Neil was encouraged by the sales market improvement, but stressed that supply was an issue.
“This should be of great concern to Sadiq Khan and his team and emphasises the need for sensible, workable and long-term supply solutions.
“This was needed in any case, but these latest statistics hammer home that action is needed.”
James Murray, deputy mayor for housing and residential development, admitted that the report was a stark reminder of the scale of the challenge of building homes for Londoners.
"We know that boosting the supply of new homes will take time and means all levels of government need to work with the industry to offer greater certainty and support.

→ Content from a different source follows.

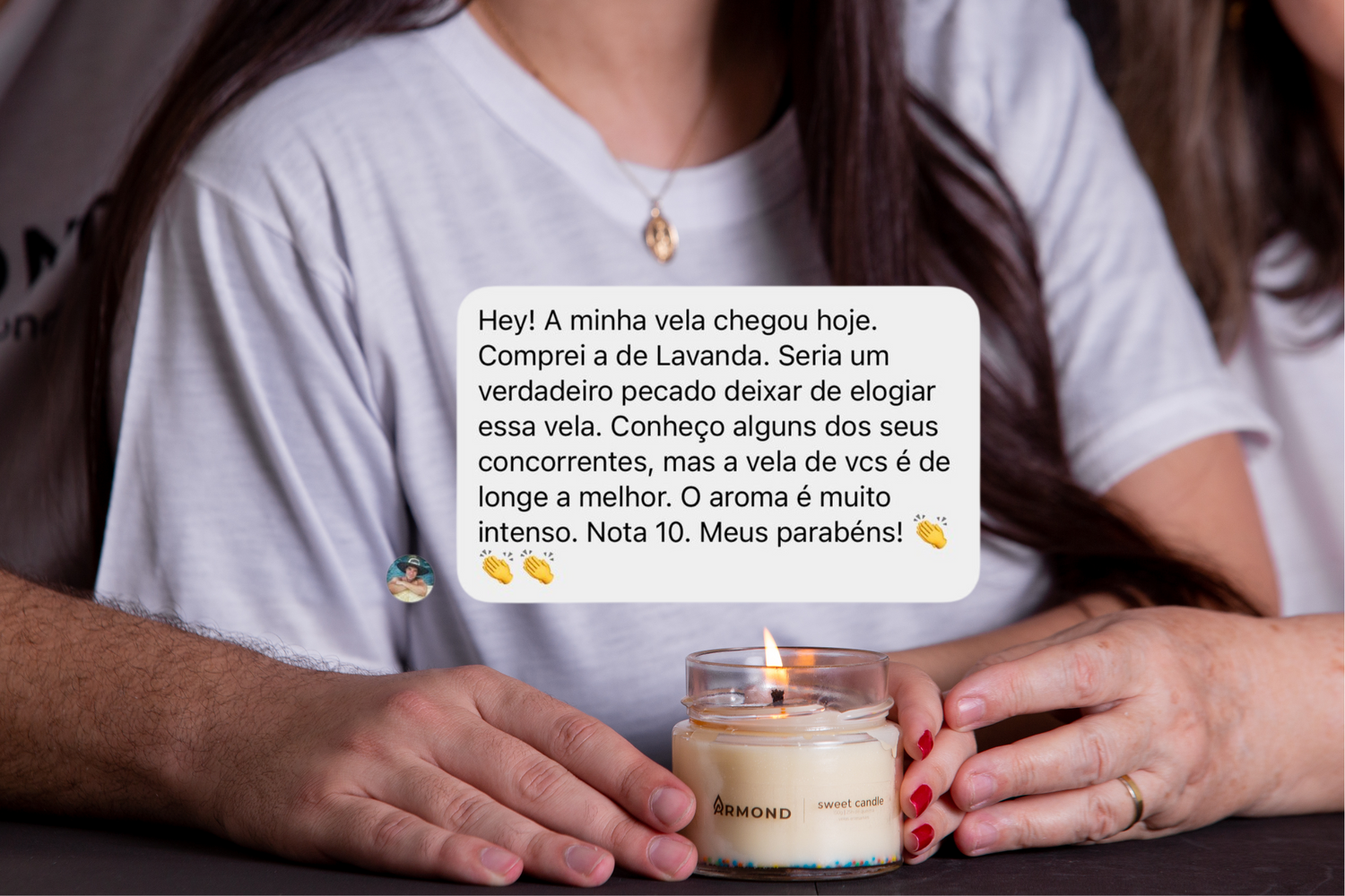 "Acendi a de alecrim e o cheiro é incrível. Amei, de verdade. Do cuidado com a embalagem ao bilhetinho escrito à mão! Quanto amor."

“Sadiq is committed to working with the government, London boroughs, homebuilders, developers and others to make sure we get building more new homes of all types in the capital."
‘The brakes would need to be applied at some point’

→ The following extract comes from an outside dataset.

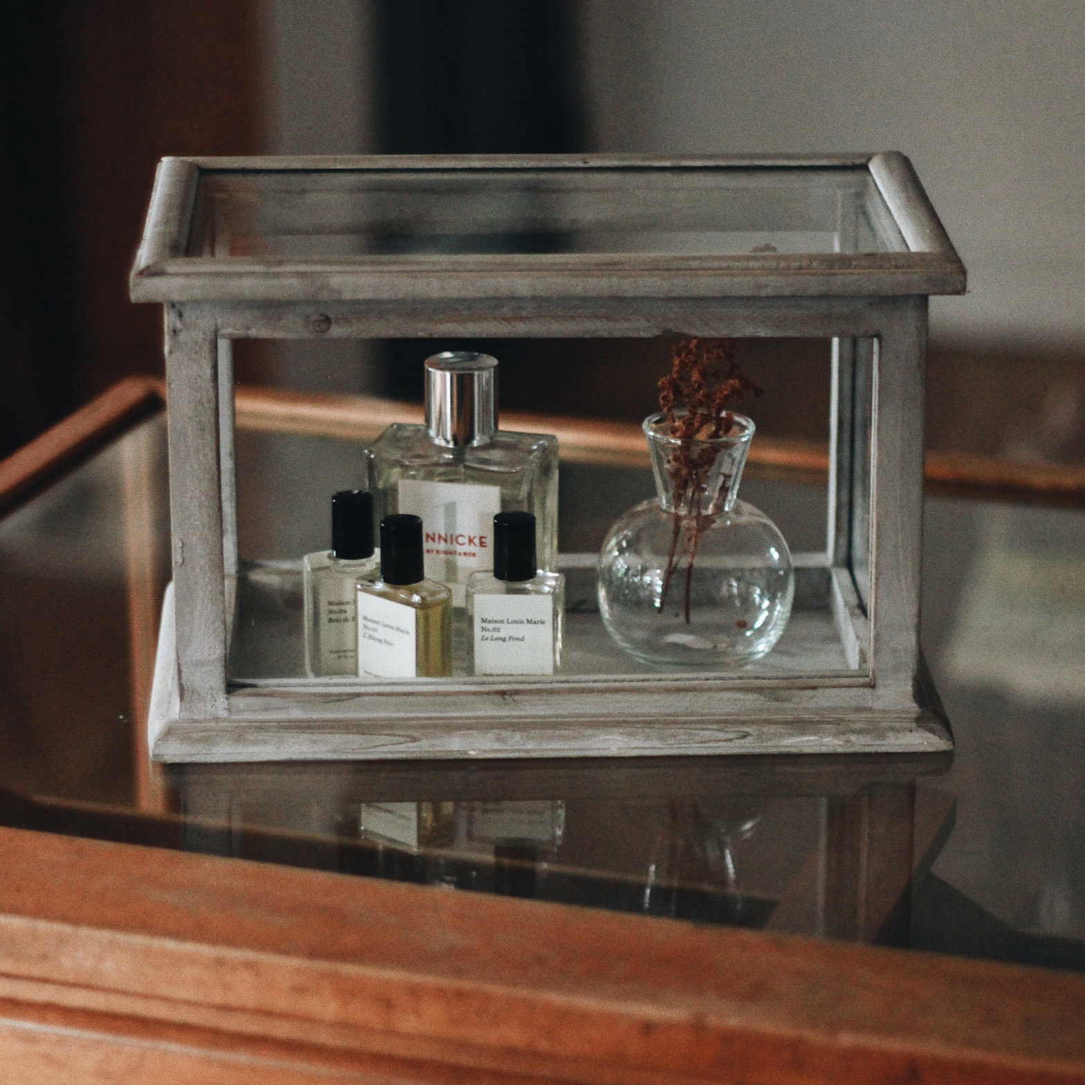 由舊木再製而成,溫潤樸質的紋理氛圍,四面玻璃能夠保護物品與防止灰塵與髒污,後方為簍空設計方便拿取物品,無論是甜點、手作品、各式收藏,都能零死角的進行展示。

Development Finance Today sought the reactions of London property professionals and Bob Sturges, head of PR and communications at Fortwell Capital, explained that London enjoyed a new-build boom following the 2008 financial crisis.
“But it was obvious to informed observers that this couldn't be sustained indefinitely and that the brakes would need to be applied at some point.
“That point was reached at the beginning of this year.
"Not only was the central London market becoming visibly over-supplied, but prices in certain areas, and for certain types of property, had become detached from reality.”
‘It is not surprising that the number of new-build starts has cratered’
Sam Howard, COO at Regentsmead, felt that the central London housing market had seen the perfect storm of higher transaction taxes, economic uncertainty and political turbulence during 2016.
“When you take into account higher stamp duty, additional 3% levy on second homes, tighter mortgage lending and crucially the double whammy of overseas buyers facing domestic economic troubles and the UK voting for Brexit it is not surprising that the number of new-build starts has cratered.
“Throw into the mix some tension between the government’s national Starter Homes policy and plans by Sadiq Khan, the mayor of London, to demand that 50% of new homes in the capital are ‘affordable’, [and it] explains why developers are holding back until the outlook is clearer.”
Looking at how to kick-start new-build projects, Sam added: “To increase new-build starts, developers need to be given the confidence that they have the right mix of funding, national and local government policy and economic and political stability.”
‘New-build numbers will bounce back in central London’
James Bloom, managing director of development finance at Masthaven, felt that London would always be a desirable place to live.
“Given the constant demand for new homes, we expect construction to improve over time.
“Construction in central London will improve over the long-term with the weakening pound, and there is also potential for improvement with stamp duty reform in the future.”
Meanwhile, Bob felt that one day the industry would look back on this period of reduced activity as a welcome reality check and despite some suffering, others will take a chance to explore new markets.
"New-build numbers will bounce back in central London.
“Overseas investors – unwelcome to some – are already being encouraged by the devalued pound.
“But we have to be realistic: space is limited, demand high, planning rules cumbersome, and finding funding more of a challenge than of late.
“A new mini-boom should therefore be discounted for now."